The Medicare Opt Out Rate is Decreasing Among Mental Health Clinicians

Despite a flattening of reimbursement rates and other concerns about mental health care in Medicare, not only is the feared and/or believed flight of mental health clinicians from Medicare not occurring, but the the actual trend is clearly in the opposite direction. The number of mental health clinicians opting out of Medicare has reached its peak, and is now decreasing.
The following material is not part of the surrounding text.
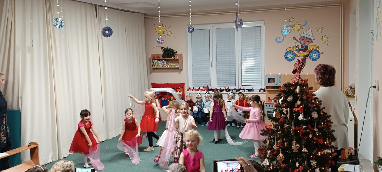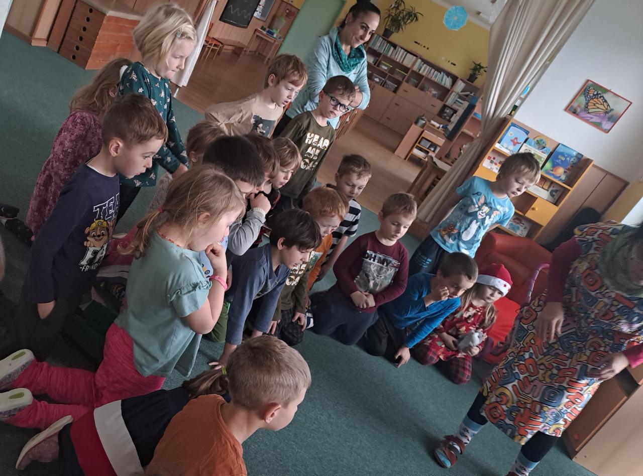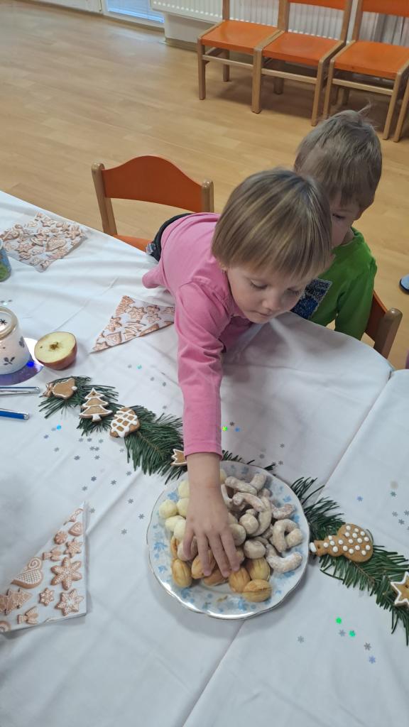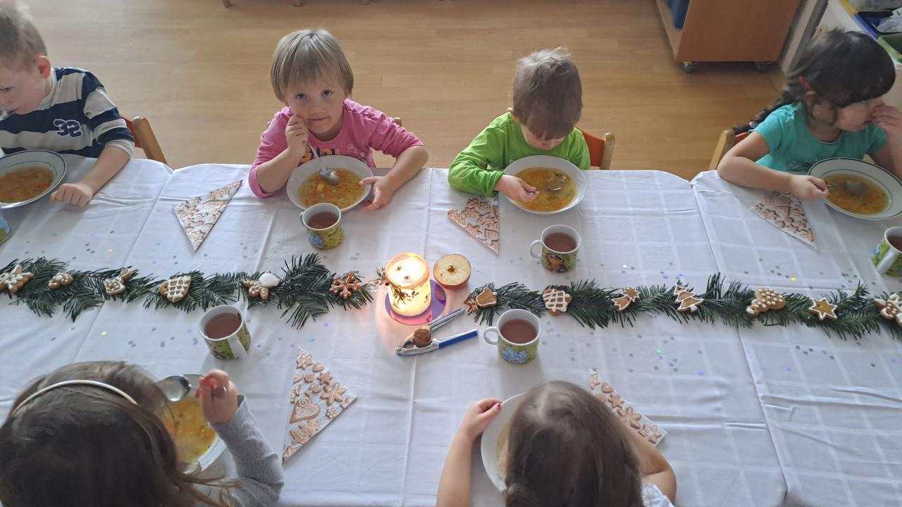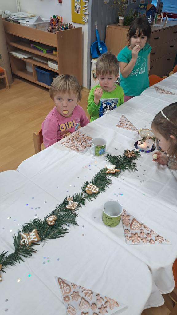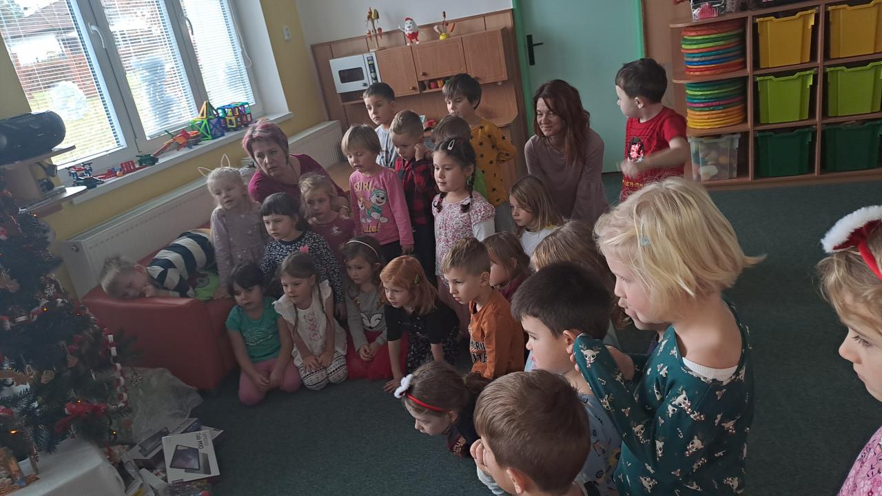 Když si Ježíšek našel cestu do školky, čemuž nasvědčovaly třpytivé stopy a přinesl stromečky plné perníčků, to bylo teprve radosti. V prostředním oddělení některé děti neodolaly a jako myšky perníčky okusovaly. Při setkání s rodinami předvedly na jednotlivých odděleních-hry a písničky, pohádkovou improvizaci a spolupráci s rodiči, nejstarší vystoupily s dramatizací pohádky a písněmi. Nakonec si všechny přítomné děti rozbalily dárek knihu od Ježíška(rodiče). Další den si společně užily pravý Štědrý den. Pokus s prskavkou, pouštění lodiček, rozkrajování jablíčka, rozloupnutí oříšku, hod střevícem. Pak se kouzlem pod stromky objevily dárky. S šupinkou pod talířem u slavnostně prostřeného stolu se děti pustily do rybí polévky, obalovaného filé s kaší a oblohou. Ve Sluníčkách si pochutnaly na třech vlastnoručně vyrobených druzích cukroví. Poslední den jsme byly pozvaní do ZŠ na program žáků- Expedice Apalucha. Prohlédly si vánoční školu a zvířátka o která se školáci starají.
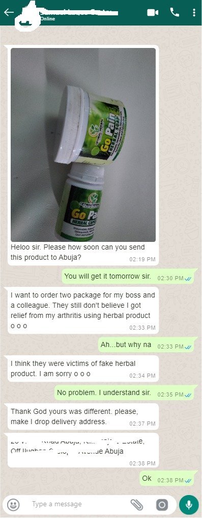 If You Really Want a permanent Solution to the Arthritis, Rheumatism, Waist, Knee , Body pains and more, Do Not Leave Here Without Ordering for This Powerful Herbal Product and Join Thousands of Those it Has Brought back their health.

As of this writing, a total of 8,661 psychiatrists, psychologists, and clinical social workers have opted out.

Overall, it is estimated that fewer than 2% of available mental health clinicians have opted out of Medicare. Psychiatrists have opted out most (about 13%), with fewer than 3% of psychologists opting out, and only about .6% of social workers opting out.

Sources used to estimate the number of licensed clinicians in these disciplines are here for social workers, here for clinical psychologists, and here for psychiatrists.

The number opting out peaked in 2016, and decreased in the two years since then.

The trend is the same across these three mental health disciplines, which together provide almost 98% of the psychotherapy received by Medicare beneficiaries.

Data source: Data.CMS.gov

It is worth asking, even in the context of flat rates and other perceived and actual risks, why is it that any loss of mental health clinicians in Medicare seems to have been stemmed? Could this be reproduced in other systems of care? Speculations and comments are welcome! In the mean time, Medicare beneficiaries ought to take heart. You’re able to have considerable freedom of choice to see a local mental health specialist for about an $18 co-insurance payment for almost an hour of therapy (less if you have a secondary insurance)!